Chakras, Elements & the Story Within
On the surface, my novel is a thriller — floods, prophecies, a secret cult, a race to protect something ancient. That is the engine that pulls you through the pages. But underneath the chase runs a second structure, quieter and more deliberate, and it is the part I am most proud of.
This saga is planned across the sacred Jyotirlingas, and each volume is tied to an element and a chakra. The journey is not only geographic. It is an ascent through the body's own map of energy — earth to water to fire to air to ether — mirrored in the landscape the characters cross and the inner battles they face.
Every external monster in the story is a mask worn by an internal one.
The outer journey and the inner one
When Rohan, Maya and Arjun move from one sacred site to the next, they are also moving through stages of their own transformation.
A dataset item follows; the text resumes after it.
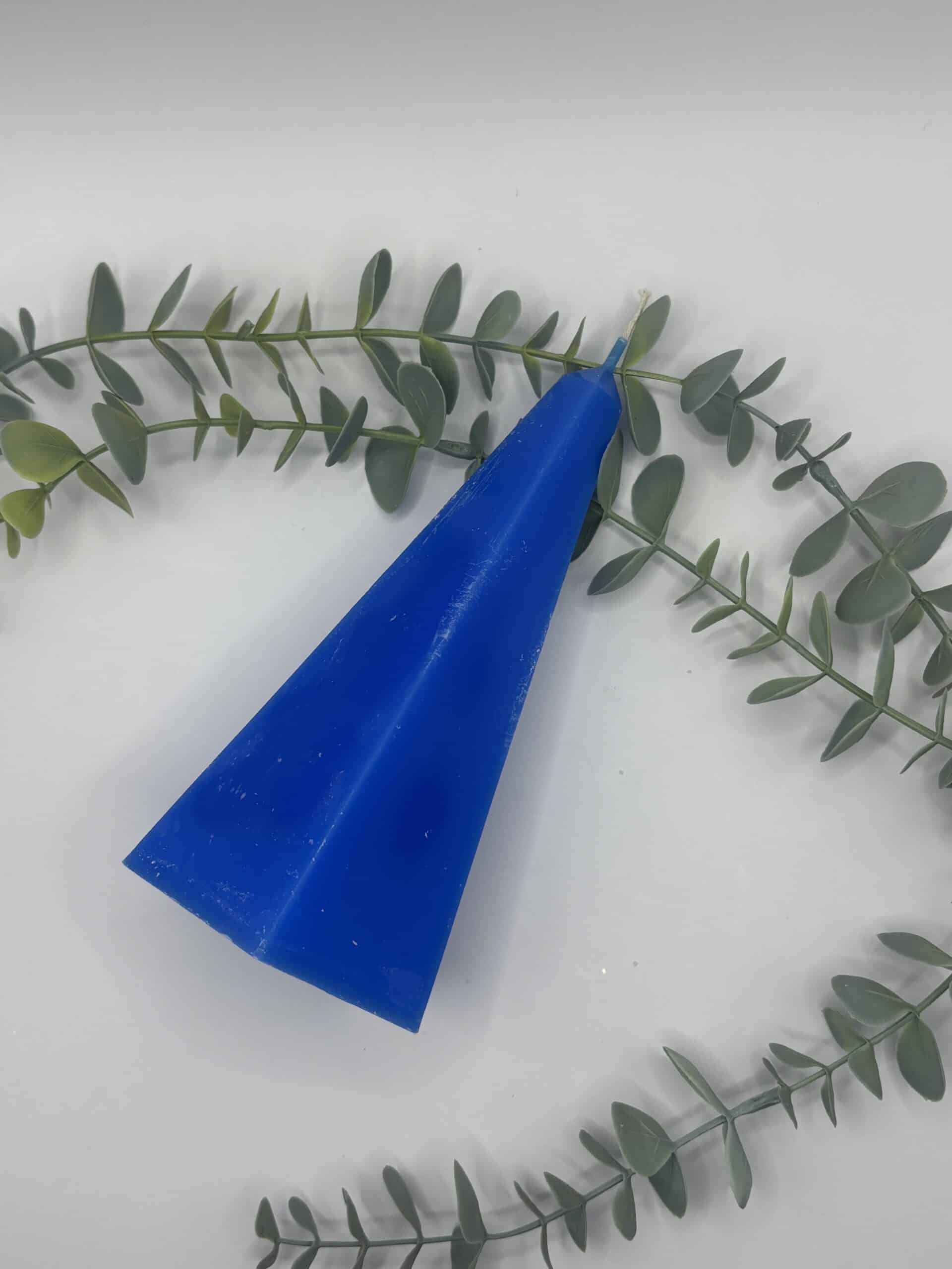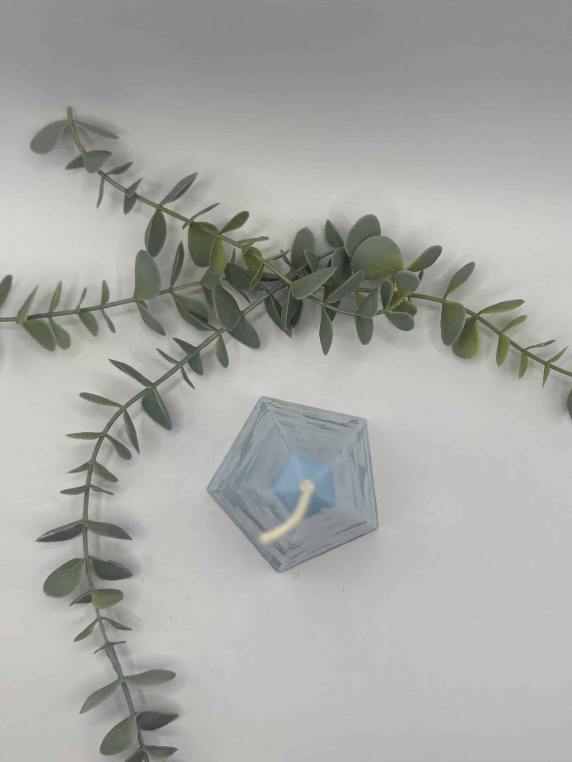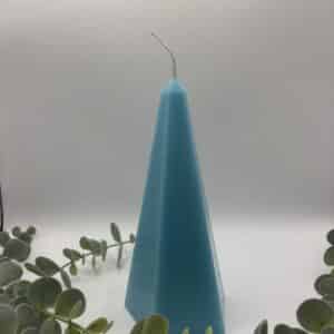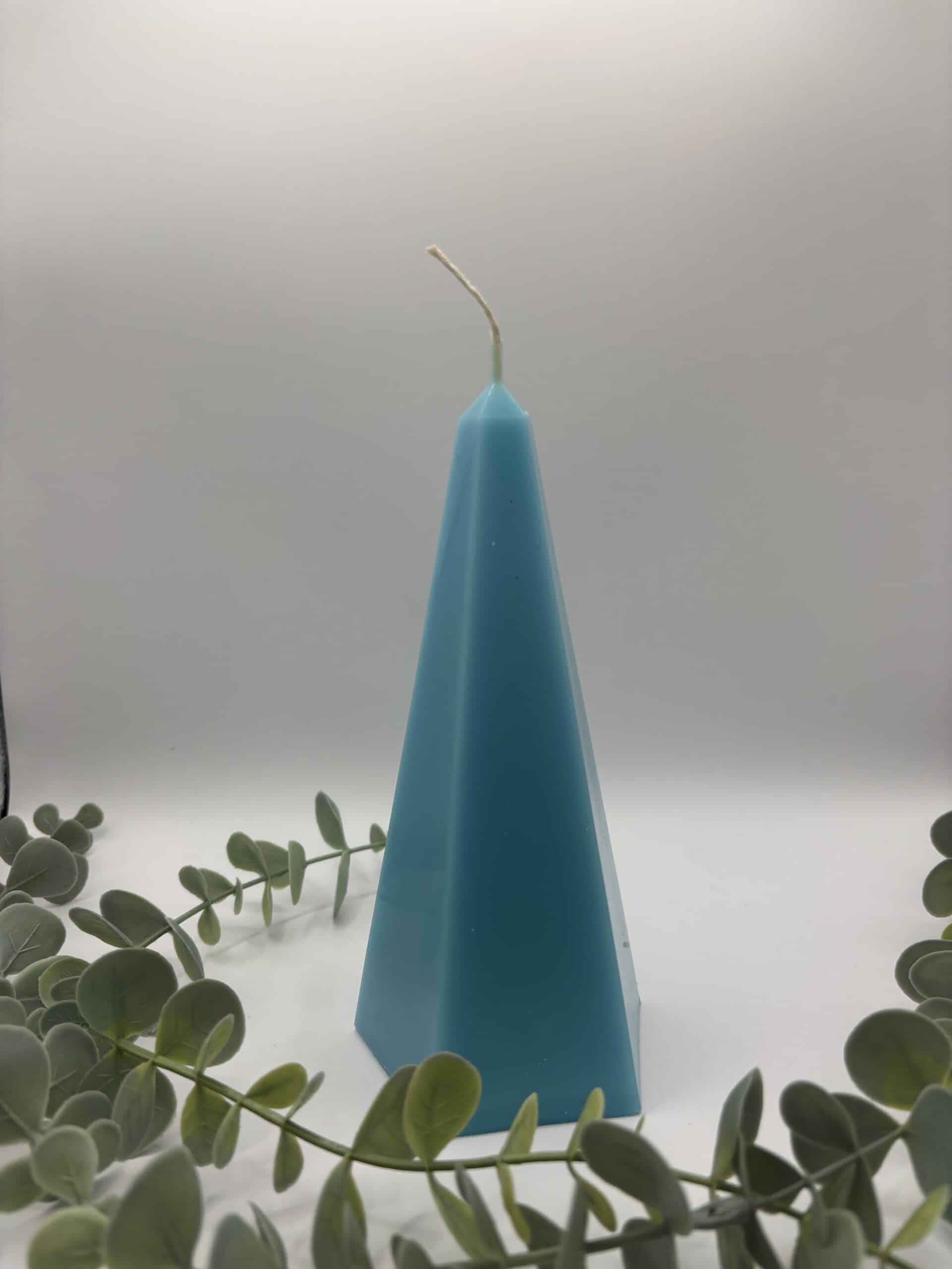 Bovenaanzicht van de grote piramide kaars met vijf zijvlakken.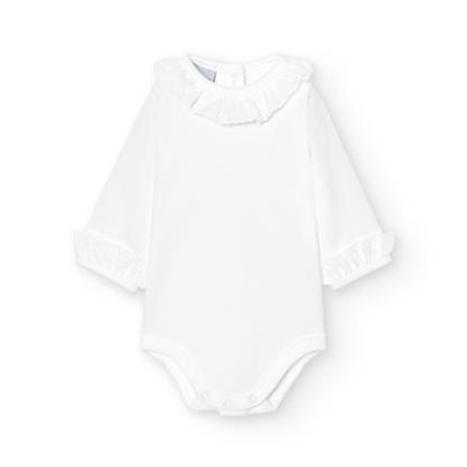 Los bodys con cuello volante aportan un toque distintivo. Con broches o corchetes en la parte trasera permitiendo abrir completamente por la espalda en body.

The antagonists they meet are not random obstacles; each embodies a fear or attachment the characters must confront in themselves. I wanted the reader to feel the thrill of the plot and, almost without noticing, undergo a parallel shift inside.
This is the shadow work woven through the book. Rohan, Maya, Arjun, Priya — even the villains — are put through their own agnipariksha, their trial by fire. Acceptance, the art of letting go, the courage to face what we have buried: these are not lessons I wanted to lecture about. I wanted to dramatise them, so they arrive as experience rather than instruction.
Why the architecture stays hidden
I never explain this structure inside the story, and I never will. A reader who only wants a fast, gripping adventure should be able to have exactly that and walk away satisfied. The chakra-and-element architecture is there for the reader who wants to look twice — a second book hidden inside the first.
That layering is the whole reason I write in this genre. The Upanishads and the Puranas do the same thing: a child can enjoy the surface tale of gods and demons, while a seeker can spend a lifetime on the meaning underneath. I am not comparing my work to those texts — only borrowing their method.
The saga will keep climbing, volume by volume, element by element, until the full cycle is complete. And if I have built it well, the real revelation at the end will not be about the relic the characters were chasing. It will be about the reader, who climbed the same inner staircase without ever being told they were on it.